Task statement – Beginning with the line that includes "TRIO OF CLASSIC", return every remaining line of the material exactly as it reads, but not the pictures.

Collected data –
__________________________________________________

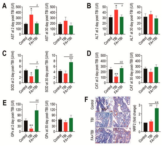 As TBI is known to acutely increase activities of AST and ALT, which are indicative of liver damage [], we determined activities of the enzymes in blood serum 2 and 30 days after TBI. The TBI group showed significantly higher activity (p < 0.05) of AST at 2 days, but not at 30 days post-TBI compared with the control or FA+TBI group (Figure 7A). Similarly, ALT activity in the TBI group was significantly higher (p < 0.05) than that in the control or FA+TBI group at 2 days post-TBI (Figure 7B). Different to the liver-damage-indicative enzymes, the activities of liver-conserved antioxidant enzymes, such as SOD (Figure 7C), CAT (Figure 7D), and GPx (Figure 7E), in the TBI group were acutely diminished 2 days, but not 30 days, after TBI. Treatment with ferulic acid completely blocked TBI-mediated decreases in activities of the enzymes at 2 days post-TBI. In particular, the FA+TBI group revealed significantly higher SOD activity (p < 0.01) than the control or TBI group at 30 days post-TBI (Figure 7C). Furthermore, IHC assay revealed that the FA+TBI group expressed an approximately 2.5-fold higher level (p < 0.01) of NRF2 in BM at 60 days post-TBI compared with that in the control or TBI group (Figure 7F). These results suggest that long-term supplementation with ferulic acid enhances antioxidant defense systems, specifically SOD activity and NRF2 induction, and this enhancement is closely associated with ferulic-acid-induced protection on TBI-mediated oxidative damages.
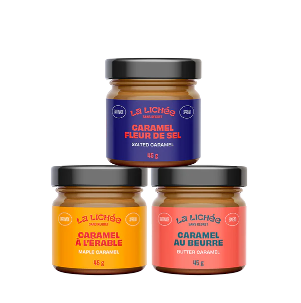 TRIO OF CLASSIC CARAMELS - BUTTERSCOTCH, MAPLE, SALTED CARAMEL (45g each)
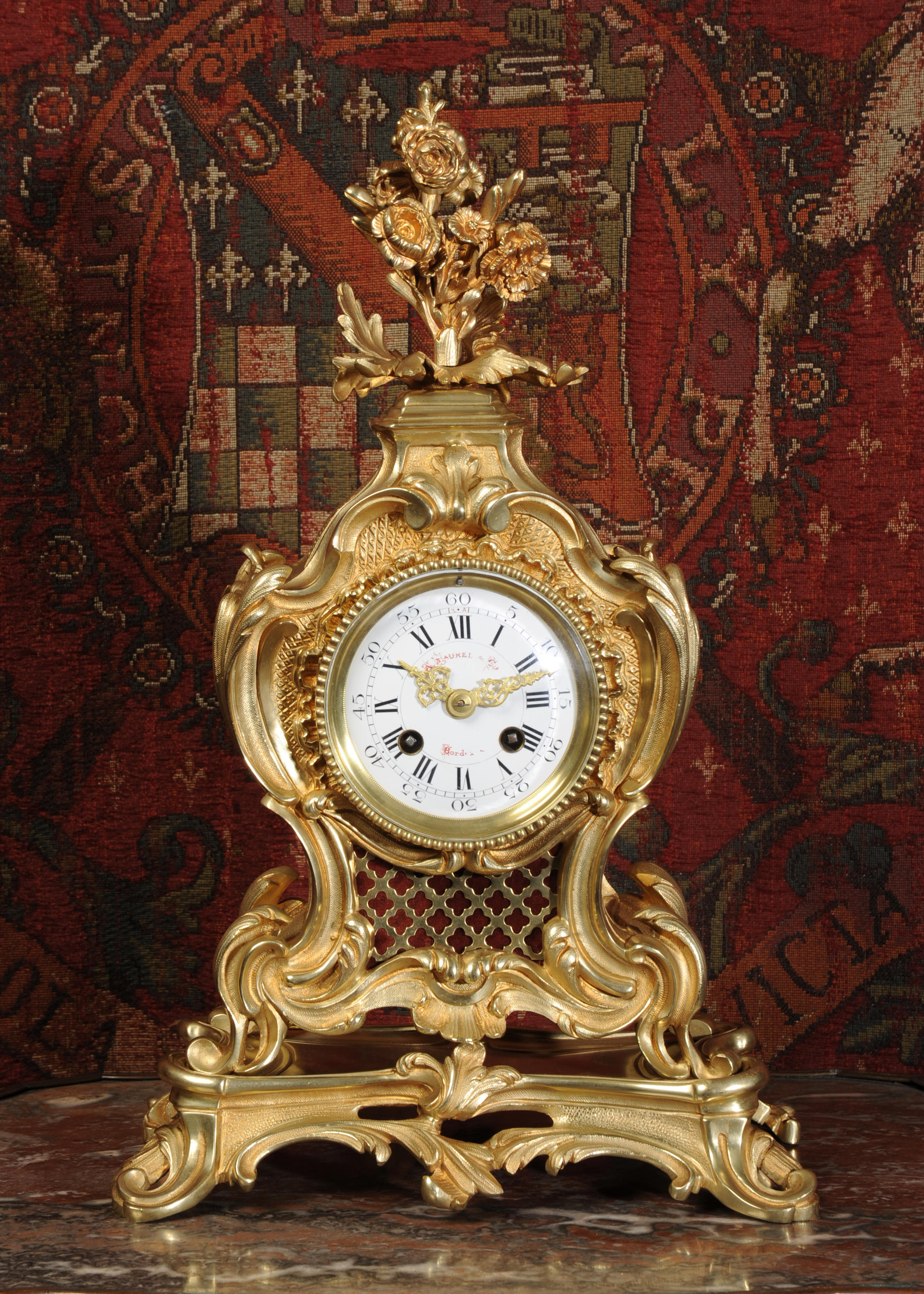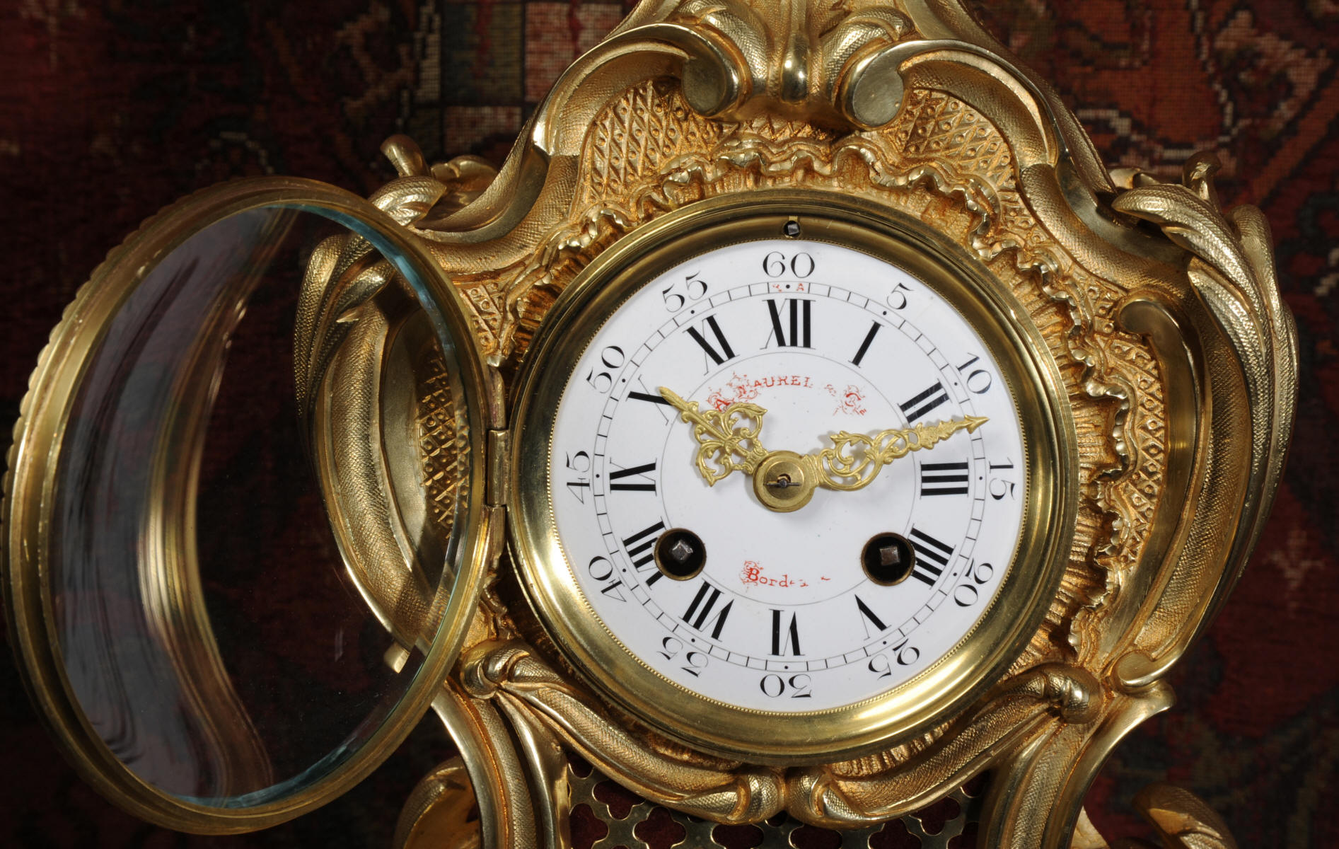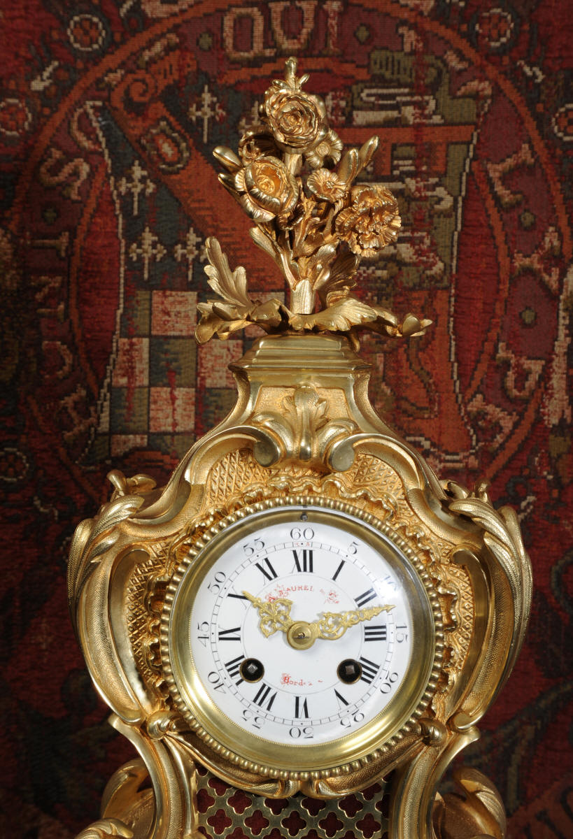 The beautiful dial is enamel on copper, a Roman hour ring and a separate outside minute ring. It is complete with its original finely fretted brass hands and convex glazed bezel. It is signed for the retailer A Maurel of Bordeaux.

__________________________________________________

Answer for this exercise –
 TRIO OF CLASSIC CARAMELS - BUTTERSCOTCH, MAPLE, SALTED CARAMEL (45g each)
 The beautiful dial is enamel on copper, a Roman hour ring and a separate outside minute ring. It is complete with its original finely fretted brass hands and convex glazed bezel. It is signed for the retailer A Maurel of Bordeaux.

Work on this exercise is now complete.